We started the club because we want to bring digital rights issues into the campus dialogue. As we move into an era where everything is digitized and connected to the net, issues of surveillance, censorship, and overall digital freedom have profound implications.

Who they are: Inspired by the desire to bring digital rights issues onto our on-campus dialogue, juniors Aahlahd Gogineni, Caleb Milchuk, and Stephen Michel, and alumnus Ian Kelly founded the club in February of this year. “As we move into an era where everything is digitized and connected to the net, issues of surveillance, censorship, and overall digital freedom have profound implications,” said Milchuk. “People need a certain degree of privacy and free association in order to organize and keep power structures in check; things like surveillance and censorship threaten that balance.”

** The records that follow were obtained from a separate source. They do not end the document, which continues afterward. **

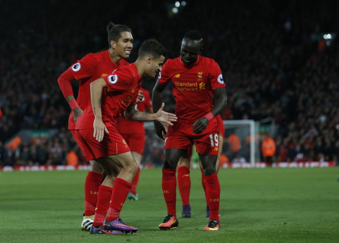 Coutinho ăn mừng bàn nâng tỉ số lên 2-0 cho Liverpool. Ảnh: Reuters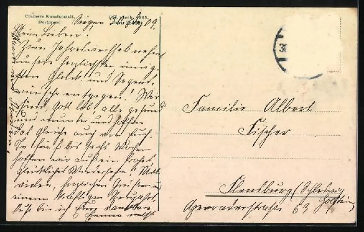 alte Ansichtskarte, gelaufen, Briefmarke entfernt, rückseitig Oberflächenschaden, guter Zustand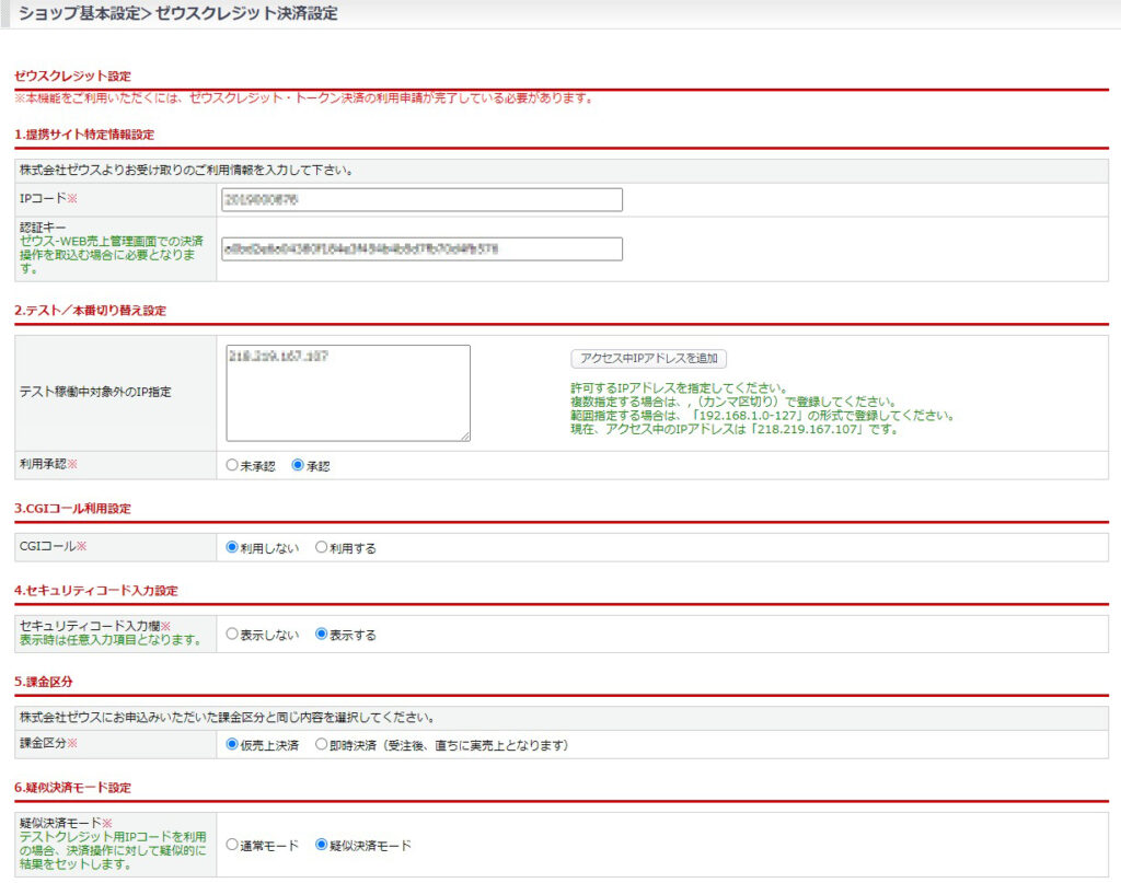 →利用承認が「未承認」状態の場合、指定したIPアドレス以外のアクセスの場合はゼウスカードを利用できなくする設定です。 - 疑似決済モード設定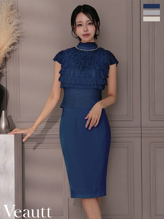 他の画像を見る シンプルなワンカラーで魅力を引き出す♡ [Veautt/ヴュート] 高級 ノースリーブ レース フリル ハイネック ビジュー 胸元カバー タイト膝丈ドレス ¥ 30,580 税込 お気に入りに追加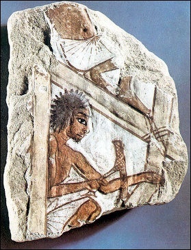 “The weaver inside the weaving house is more wretched than a woman. His knees are drawn up against his belly. He cannot breathe the air. If he wastes a single day without weaving, he is beaten with 50 whip lashes. He has to give food to the doorkeeper to allow him to come out to the daylight. The arrow maker, completely wretched, goes into the desert. Greater than his own pay is what he has to spend for his she-ass for its work afterwards. Great is also what he has to give to the fieldhand to set him on the right road to the flint source. When he reaches his house in the evening, the journey has ruined him.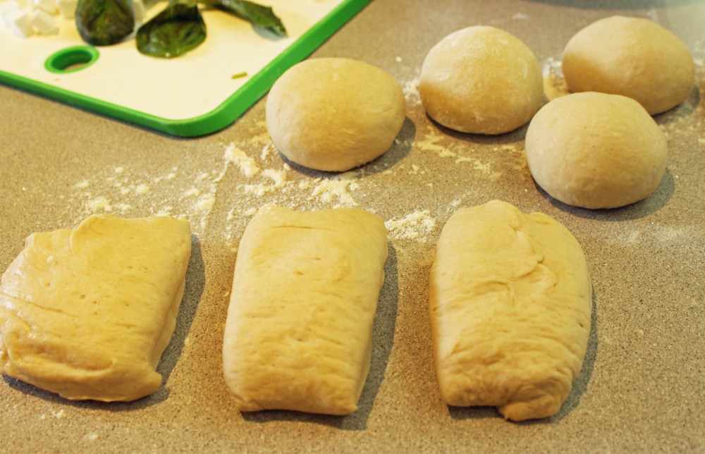 5. מרכיבים: מקמחים קלות את משטח העבודה. מוציאים את הבצק מהקערה, יוצרים מעין נחש שמנמן וחותכים את הבצק ל-8 יחידות בגודל זהה (או ליותר, אם רוצים אפים קטנים יותר).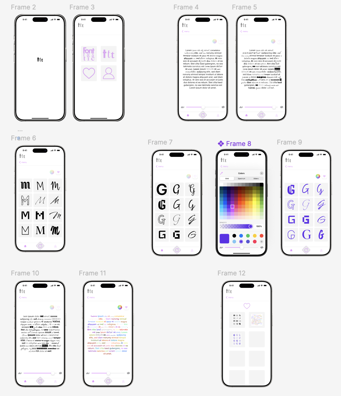 Die App ermöglicht es, einzelne Buchstaben oder Textblöcke in verschiedenen Schriftarten darzustellen, gezielt zu mischen und mit Farbe zu versehen. Ziel war eine intuitive Oberfläche, die nicht von der Typografie ablenkt. Der Fokus des Projekts lag auf UI-Design, visueller Klarheit und der Frage, wie typografische Werkzeuge als kreative Spielwiese funktionieren können.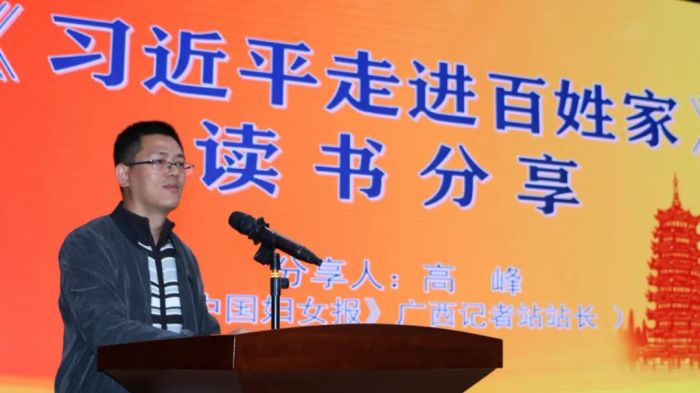 当天活动特意邀请了《习近平走进百姓家》一书的创作者之一、王德利家庭篇目的主笔、《中国妇女报》广西记者站站长高峰。高峰从女报人的角度,分享了《习近平走进百姓家》王德利家庭篇目创作历程,表示将继续践行全媒体时代的群众路线,深入基层,讲好新时代独具女报特色的女性故事、家庭故事。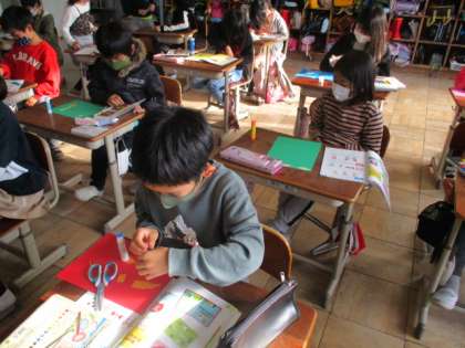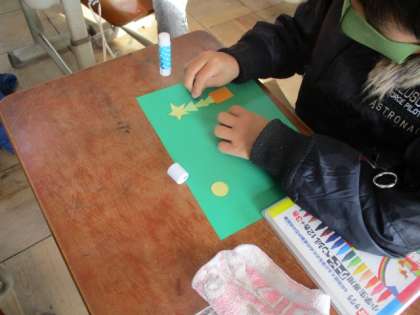 今日の外国語では,グリーティングカードを作りました。いろいろな形をカードに貼ってのグリーティングカード作りです。貼りたい形を先生からもらいます。形をもらう時は,「〇〇(何色の)△△(何の形), please!」と言わなければなりません。子ども達は,「Red circle,please」や「Green triangle,please」などと言いながら形を先生からもらい,カード作りを楽しみました。
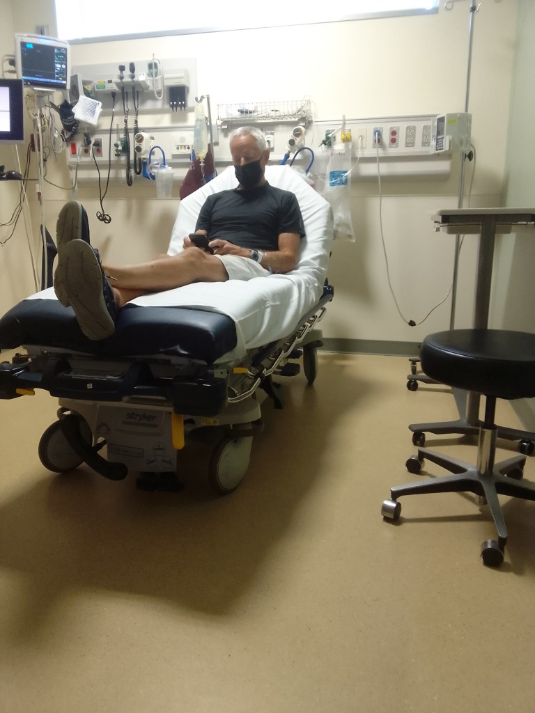 By the night of Friday, September 16, John knew he had to get medical treatment for what he knew was diverticulitis. We took an Uber to a local urgent care who, after a few tests, referred John to the emergency room to get a CAT scan. DIverticulitis can cause absesses which can quickly become septic.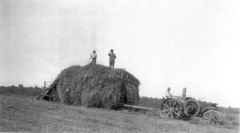 As modern technology was introduced into agriculture, work on the farm changed. The barn reflected that change. The inventions of hay balers, threshers, and silos increased the production of grain and in turn led to bigger herds of cattle on farms. When overhead hay carriers and hay forks were shown to be labor saving, the hay hood and structure of the barn rafters changed to accommodate them. Steam power and the gasoline engine reduced the need for draft horses and all the hay that they required, but farm machinery still needed to be stored and protected, although it required a different kind storage space than horses. Electricity introduced specialized equipment and influenced growth, particularly in the dairy industry, It also lengthened the farmer’s day (Noble and Cleek 14).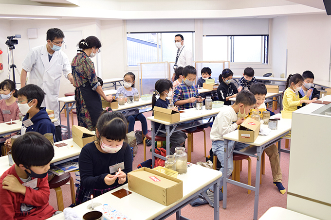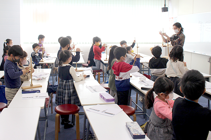 「燃焼実験用円筒」を用いて、燃焼には酸素が必要であるということを、複数のパターンのシチュエーションを作り、検証していきました。何秒で消えるのか、という検証をしましたが、教室中に「1、2、3、4、…」と数える声が響いていました。いつも何事にも全力で取り組む子どもたちの姿が垣間見れました。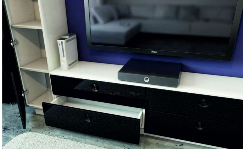 Благодаря своему уникальному виду и привлекательной цене, стенка iMeb сразу завоевала любовь покупателей. Черные глянцевые фасады и белый корпус этой современной гостиной, напоминают дизайн телефона iPhone. Все дверцы оснащены механизмом «Push to Open», а значит, не имеют ручек и открываются простым нажатием на выемки в фасаде, которые тоже стилизованны под центральную клавишу телефона iPhone. Черно-белая гостиная iMeb имеет дорогую фурнитуру, которая обеспечит вам комфортную эксплуатацию и продлит срок службы изделия.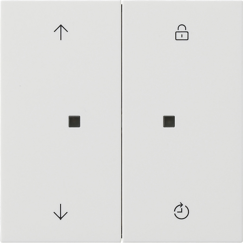 System 3000 Bedienaufsatz Memory Reinwei§ gl_nzend Merkmale: Speichern einer Auf- und Abfahrtzeit bzw. einer Ein- und Ausschaltzeit. Im Memorybetrieb werden diese Schaltzeiten im 24-Stunden-Rhythmus wiederholt. Sperrfunktion sperrt die Nebenstellenbedienung und deaktiviert den Memorybetrieb. Nachtmodus einstellbar. Status- und Funktions-LED leuchten nicht dauerhaft.S3000 op.top Memory F100 PW System 3000 operating top unit Memory pure white glossy Features: - Save a time for raising and lowering blinds or a switch-on and switch-off time. In memory mode, these switching times are repeated every 24 hours. - The blocking function blocks operation of the auxiliary unit and deactivates memory mode. - Adjustbable night mode. Status LED and function LED are not lit up continuously.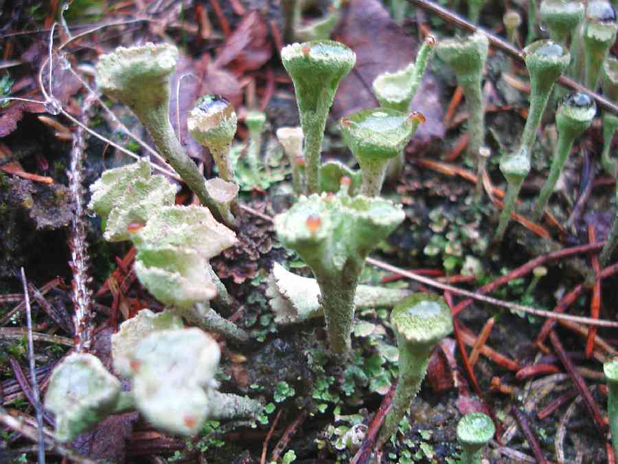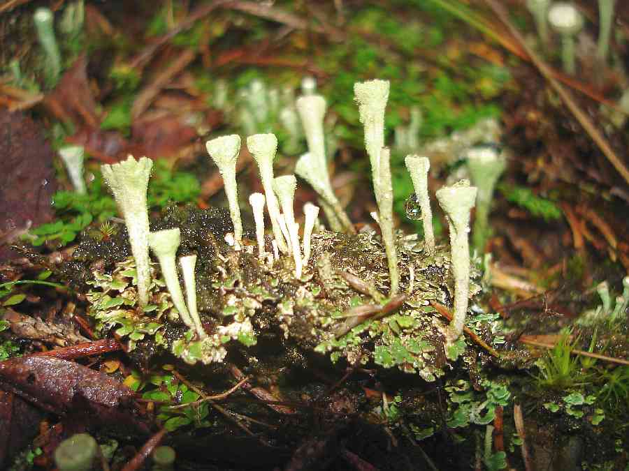 Das ist die Trompeten-Flechte (Cladonia fimbriata).

What they do: They are planning screening the film Citizenfour at the remainder of this semester. Their plans for the Fall 2015 include hosting speakers who will speak about their experiences on the importance of digital rights in their respective fields, while also having events that will help students transition to more secure, freedom-respecting technologies. In collaboration with another newly-created organization, the GNU/Linux User Group, they hope that there can be many upcoming opportunities to learn about free software, encryption, and other relevant issues.

Who should get involved: Anyone that is interested in discussing and educating the greater Tufts community about these increasingly pressing issues in our technological world is welcome to join, regardless of year, major, or experience. Their weekly meetings occur at 9 p.m. in Eaton 209, and you can keep visit them at their website.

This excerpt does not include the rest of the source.